И вот один раз, когда улеглись в ряд верблюды, вздумал этот доктор удивить сестер и пройтись по спинам животных. Верблюды вскочили с быстротой молнии, подкинули нашего доктора, как с трамплина. Он летел в воздухе сажени три. Мы все ахнули, но, к счастью, он упал в кучу мягкого сена. Увидав, что все благополучно и доктор цел и невредим, - мы все, сестры и братья, покатились со смеху. Успокоимся на минутку, а потом вспомним, как летел доктор, взглянем на его красное, испуганное, смущенное лицо, новенький мундирчик, весь в сене, и опять заливаемся, хохочем.
Генерал Абациев очень хорошо ко мне относился и всегда старался помочь.
- Сестра, что я могу для вас сделать?
- Тяжелобольные у меня, ваше превосходительство. Кормить нечем. Если бы курочек достать, были бы для них и яйца, а то питание очень плохое...
- Хорошо, сестра, я сделаю, что могу.
И через несколько дней, смотрю, прискакали казаки.
- Так что их превосходительство курочек вам прислали.
Смотрю, к седлам головой вниз приторочены куры. Отвязали, а они на ногах не стоят... Отекли ноги. Я отыскала большой железный таз, устроила курам ножную горячую ванну. Молодежь издевалась надо мной, но постепенно ноги у моих пациентов отошли, и через несколько дней они занеслись.
Я радовалась, что мои больные получат яйца, а сестры завидовали и воровали у меня яйца прямо из-под кур для своих больных.
Генерал Абациев часто заходил к нам в отряд.
- Что еще я могу для вас сделать, сестра?
- Молока нет, ваше превосходительство. Может быть, можно коров достать?
Постоял, подумал. "Постараюсь, - говорит, - сестра". И через несколько дней смотрим, по дороге пыль столбом, казаки штук семь коров гонят.
Коров есть чем кормить. Травы много, да и пшеницы сколько угодно, только надо ее найти.
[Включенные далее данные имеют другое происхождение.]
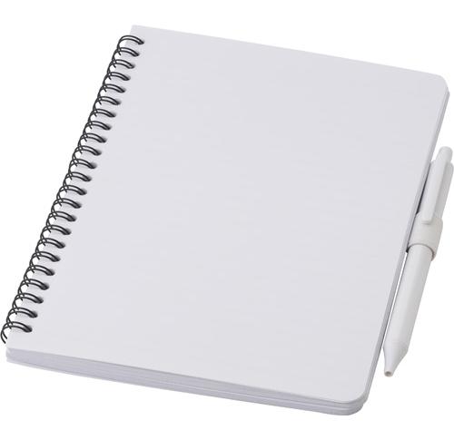 Antibacterial notebook with pen, blue ink, in pen loop. The notebook has 70 lined sheets. Approximately A5 size.

Казаки ходят вокруг армянских домов, землю пиками нащупывают. Коли пика легко идет, начинают откапывать и находят спрятанное, засыпанное землей зерно.
А у меня новое занятие - коров доить. Коровы худые, маленькие, молока мало, но доить надо - больше некому.
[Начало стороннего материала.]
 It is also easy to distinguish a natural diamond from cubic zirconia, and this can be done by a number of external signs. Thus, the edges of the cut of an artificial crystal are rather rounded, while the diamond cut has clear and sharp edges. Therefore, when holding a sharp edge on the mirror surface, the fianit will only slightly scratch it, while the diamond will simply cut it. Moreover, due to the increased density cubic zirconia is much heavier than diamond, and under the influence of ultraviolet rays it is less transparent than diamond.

Сижу на скамеечке, дою, руки болят с непривычки.
- Что это вы делаете, сестра?
Я и не заметила, как подошел генерал Абациев.
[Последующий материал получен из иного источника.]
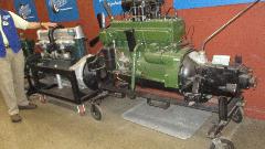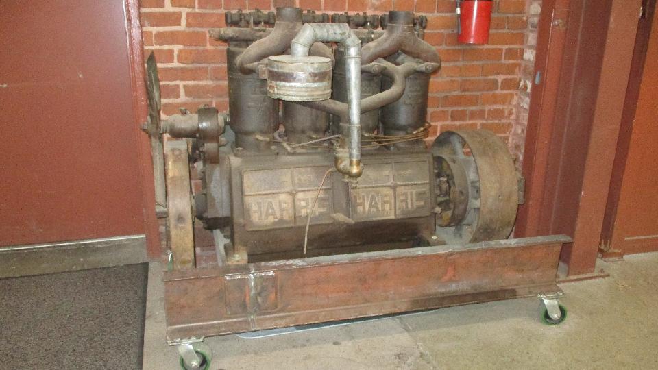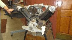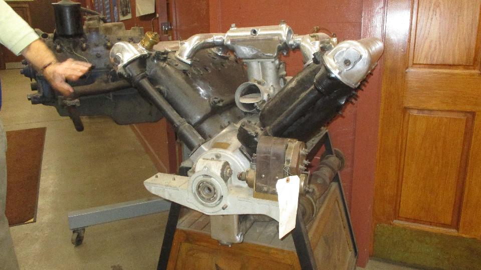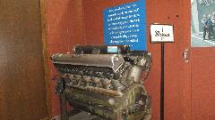 Below left is an early V8 airplane engine, missing most of the peripheral parts. I suppose the big green thing was probably a truck or bus engine. I don't remember the story, but the V12 overhead cam beast was petty impressive considering the era.

- Коров дою, ваше превосходительство.
Постоял, покачал головой, а вечером менонита прислал коров доить.
* * *
Ночью сестры дежурили по очереди. Четыре палаты по 40-50 больных в каждой. На каждую палату один дежурный санитар, а на все палаты одна сестра.
Почти все больные - тифозные. Всю ночь бегаешь из одной палаты в другую. Стонут, мечутся, бредят. Чувствуешь свое полное бессилие как-то облегчить, помочь. Минутами делается страшно. Особенно когда стоны превращаются в хрип... Подбегаешь, дыхания почти нет, больной затих, пульса нет. Только успеешь перекрестить, закрыть глаза - помер.
Захожу во время обхода в палату сыпнотифозных. Около умывальника стоит очень слабый выздоравливающий больной. В глубине палатки кричит, ругается в бреду сыпнотифозный армянин. Не успела я подойти, как он, как кошка, с быстротой молнии вскочил, перелетел через две-три кровати, бросился к умывальнику, схватил бутылку сулемы и размахнулся над головой слабого больного. Он убил бы его, но я успела схватить армянина за руку сзади, бутылка скользнула по черепу больного, слегка его задев... Армянин бросился на меня, повалил меня на пол, схватил за горло и стал душить. Борясь, мы покатились по полу и завалили собою дверь. Руки больного стальными клещами сдавили мне горло... В дверь ломился дежурный санитар... Но открыть дверь он не мог. Каким-то образом мне удалось откатить армянина от дверей. В палату ворвались два санитара, схватили армянина, надели на него смирительную рубашку.